The Midway River and Crystal Creek both flow through Thomson Township.

===Unincorporated communities===
- Esko
- Harney

===Major highway===
- Interstate 35

===Lakes===
- Forbay Lake – vast majority of the lake is within the township

===Adjacent townships, cities, and communities===
The following municipalities and communities are adjacent to Thomson Township:

- Solway Township, St. Louis County (north)
- Midway Township, St. Louis County (east)
- Twin Lakes Township (southwest)
- Brevator Township, St. Louis County (northwest)
- The city of Cloquet (west)

Jay Cooke State Park is immediately south of Thomson Township.

===Cemeteries===
The township contains three cemeteries, Finnish Apostolic, Saint Matthew's and Thomson, that are still in use, and one that is no longer platted, the Pioneer Cemetery at Jay Cooke State Park.

==Demographics==
As of the census of 2000, there were 4,361 people, 1,527 households, and 1,244 families residing in the township. The population density was 110.0 PD/sqmi. There were 1,555 housing units at an average density of 39.2 /sqmi. The racial makeup of the township was 97.89% White, 0.21% African American, 0.62% Native American, 0.60% Asian, 0.02% from other races, and 0.66% from two or more races. Hispanic or Latino of any race were 0.41% of the population. 26.0% were of Finnish, 13.5% Norwegian, 11.1% Swedish and 6.5% Irish ancestry.

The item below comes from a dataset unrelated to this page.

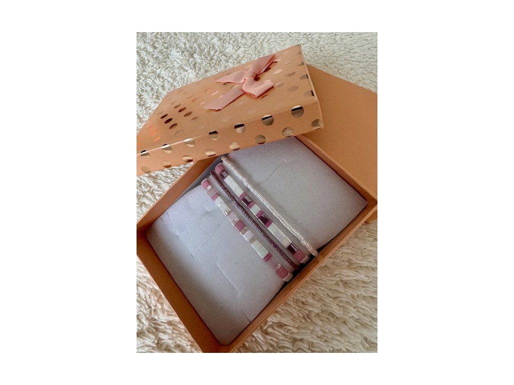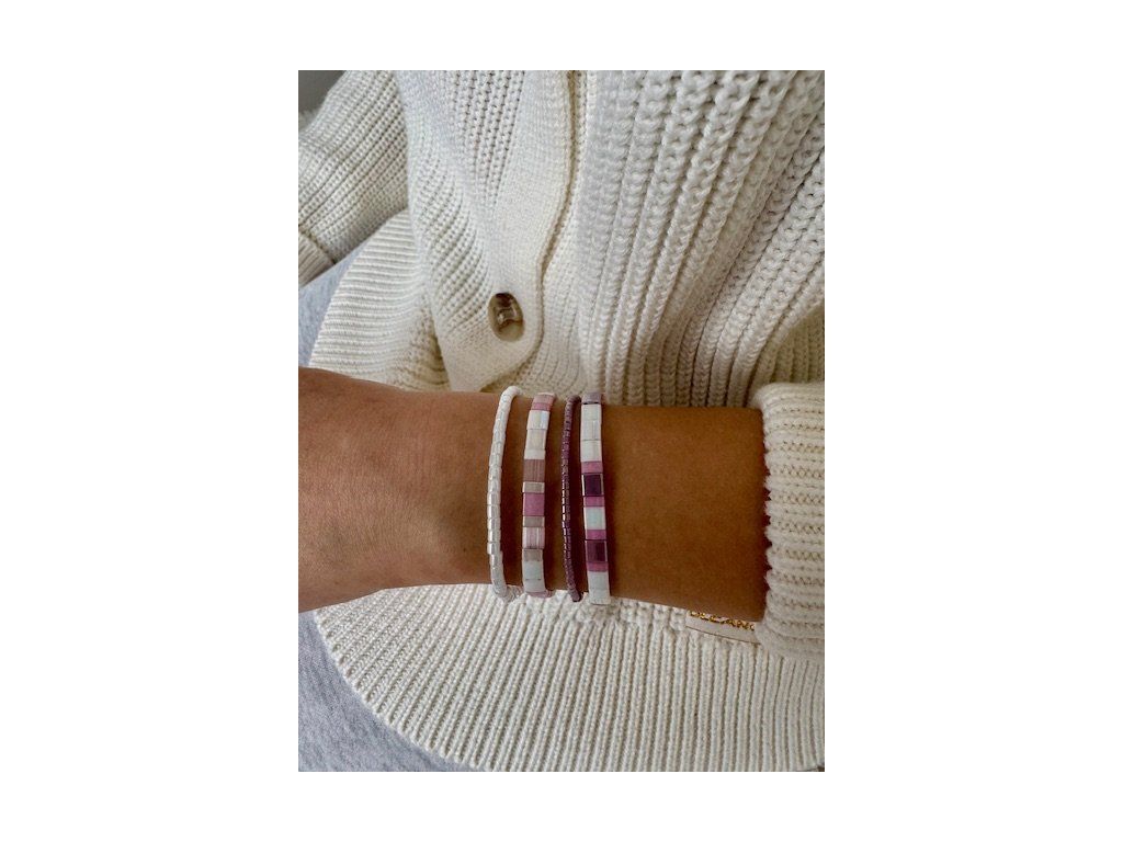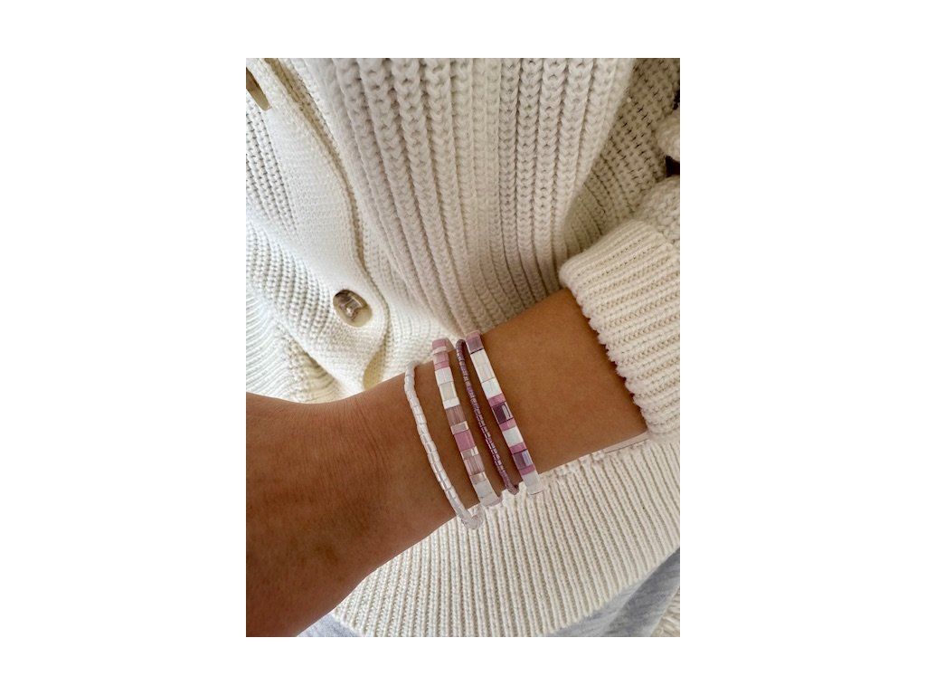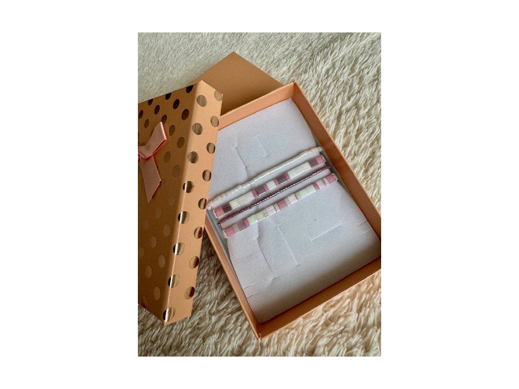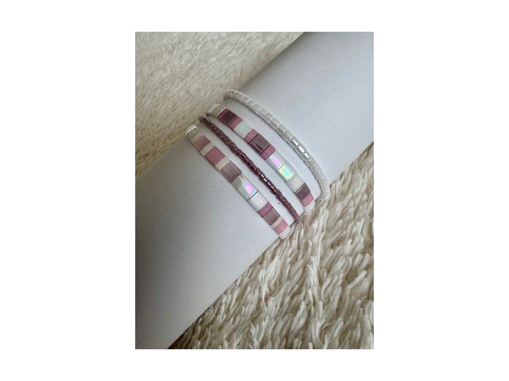 Dopřejte si luxusní set čtyř ručně vyráběných náramků, který jemně podtrhne ženskou eleganci a lehkost. Jemné odstíny růžové a bílé v harmonii se subtilními detaily z japonských korálků Miyuki vytvářejí čistý, svěží a nadčasový design, který na ruce nádherně vyniká při každém pohybu. Náramky jsou ideální pro vrstvení i samostatné nošení – snadno je sladíte s každodenním i slavnostním outfitem. Perfektní dárek v elegantním balení, který potěší každou milovnici jemných a moderních šperků.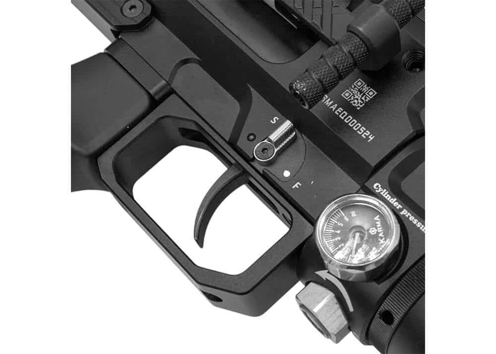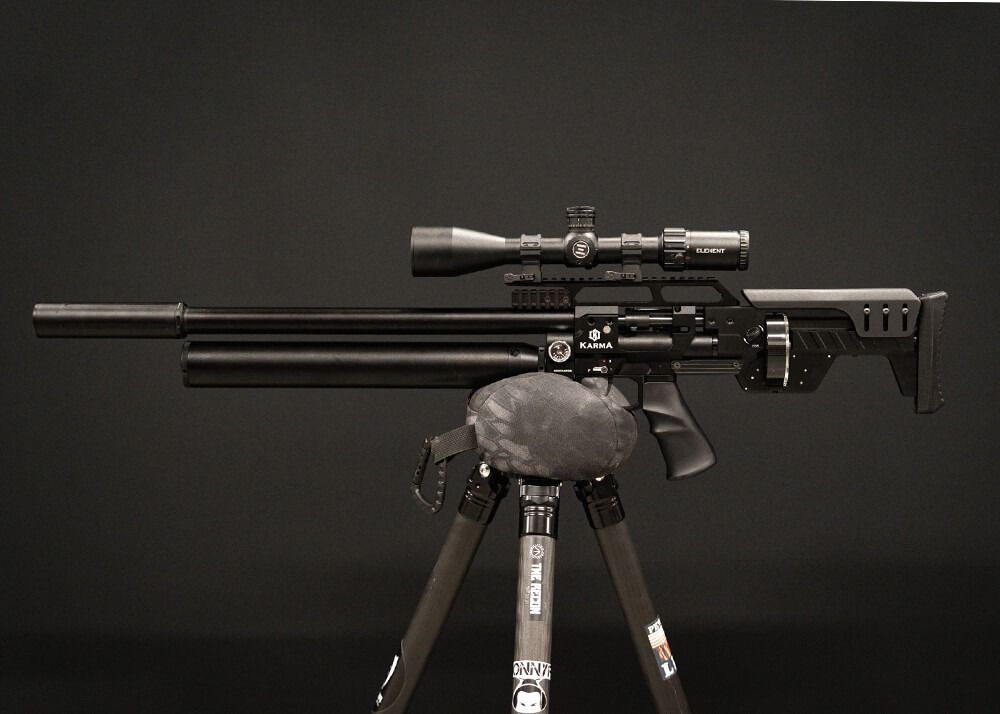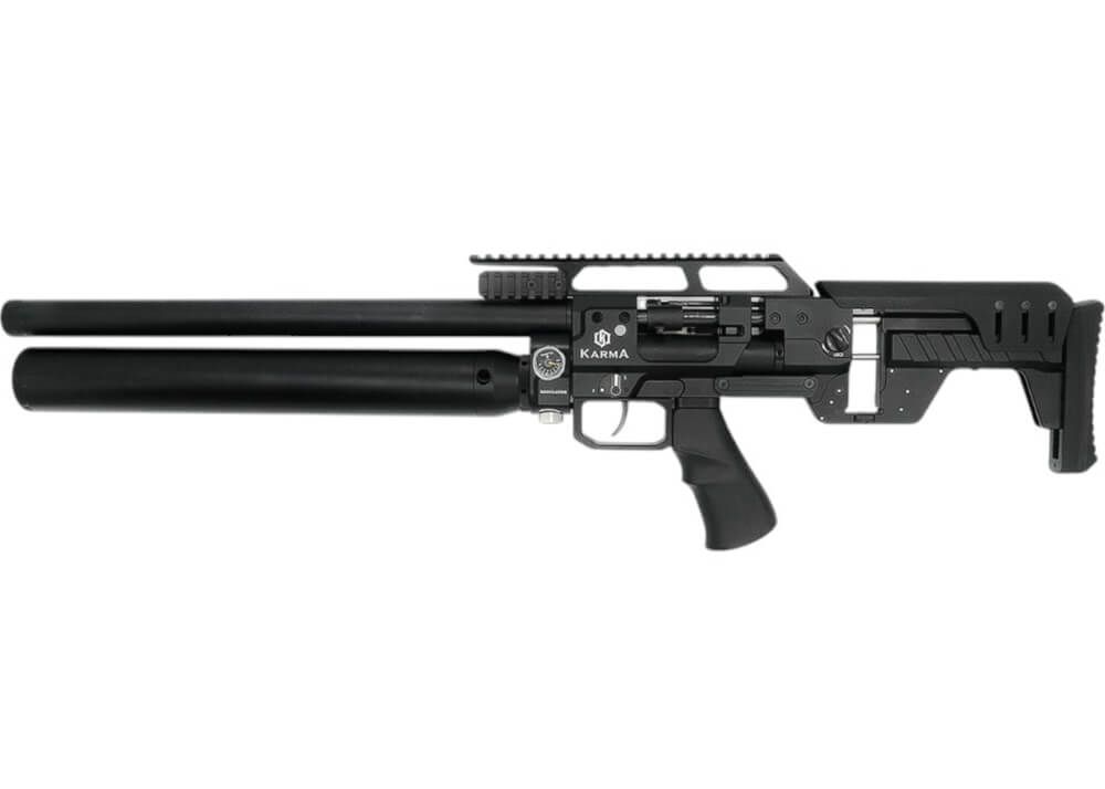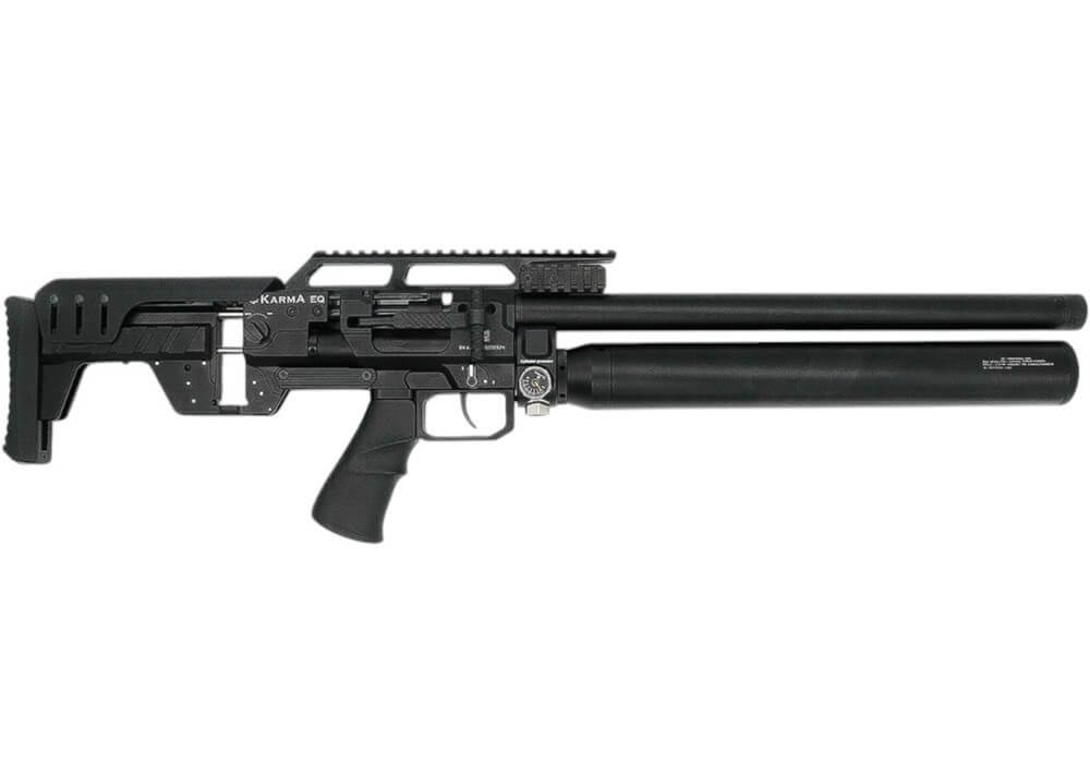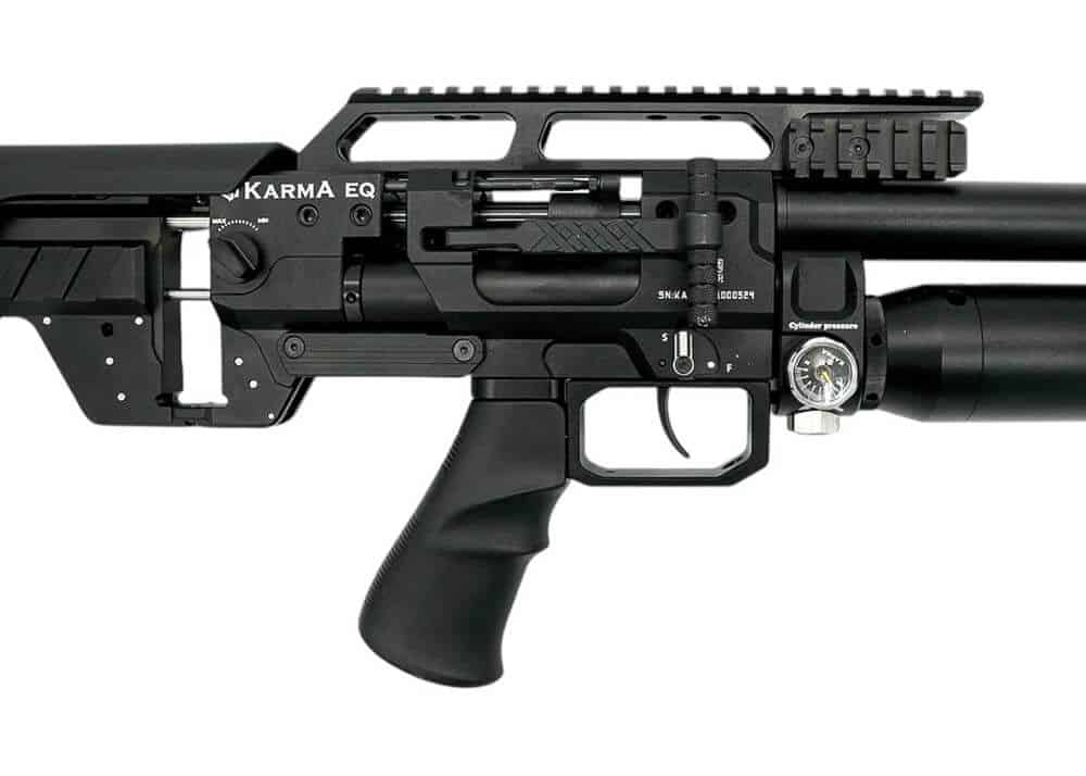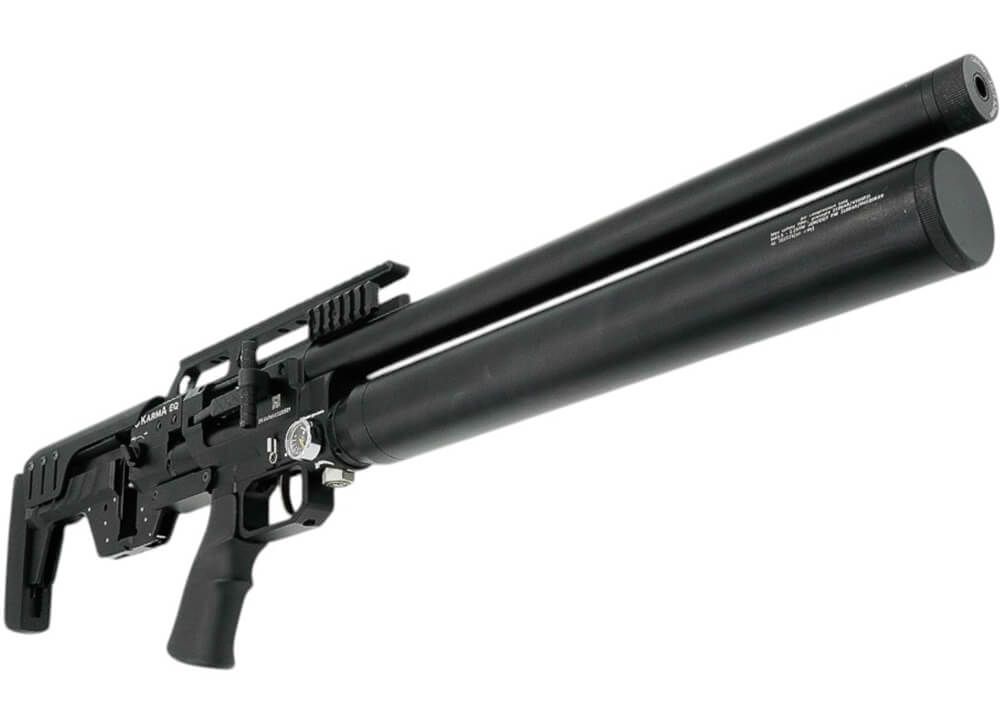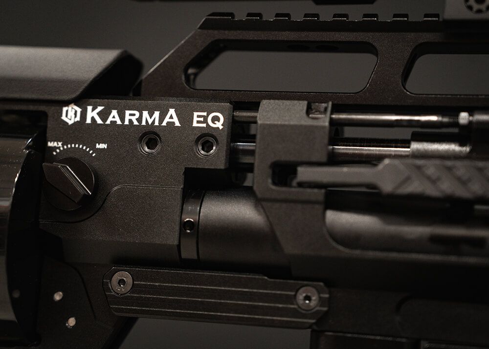 El cañón de 609 mm de largo viene equipado con una cubierta de cañón que tiene un extremo roscado de 1/2×20 UNF con un protector de rosca. El cilindro de aluminio PCP está montado justo debajo del cañón y tiene una capacidad de 500 cc y una presión de llenado de 310 bar, que se utiliza para disparar los perdigones y las balas. El rifle PCP está regulado y se puede ajustar el regulador externamente. El uso de los dos manómetros situados en el lado derecho del bastidor -situado justo al lado de la conexión PCP-cilindro- le permitirá comprobar la presión de llenado restante y comprobar la presión de llenado del regulador. El ecualizador Karma está disponible en varios calibres:

There were 1,527 households, out of which 41.5% had children under the age of 18 living with them, 73.4% were married couples living together, 5.6% had a female householder with no husband present, and 18.5% were non-families. 15.1% of all households were made up of individuals, and 5.6% had someone living alone who was 65 years of age or older. The average household size was 2.85 and the average family size was 3.18.

In the township the population was spread out, with 29.3% under the age of 18, 6.2% from 18 to 24, 29.6% from 25 to 44, 25.6% from 45 to 64, and 9.3% who were 65 years of age or older. The median age was 37 years. For every 100 females, there were 101.5 males. For every 100 females age 18 and over, there were 101.5 males.

The median income for a household in the township was $53,026, and the median income for a family was $58,977. Males had a median income of $44,547 versus $25,270 for females. The per capita income for the township was $20,045. About 3.2% of families and 5.4% of the population were below the poverty line, including 7.4% of those under age 18 and 4.4% of those age 65 or over.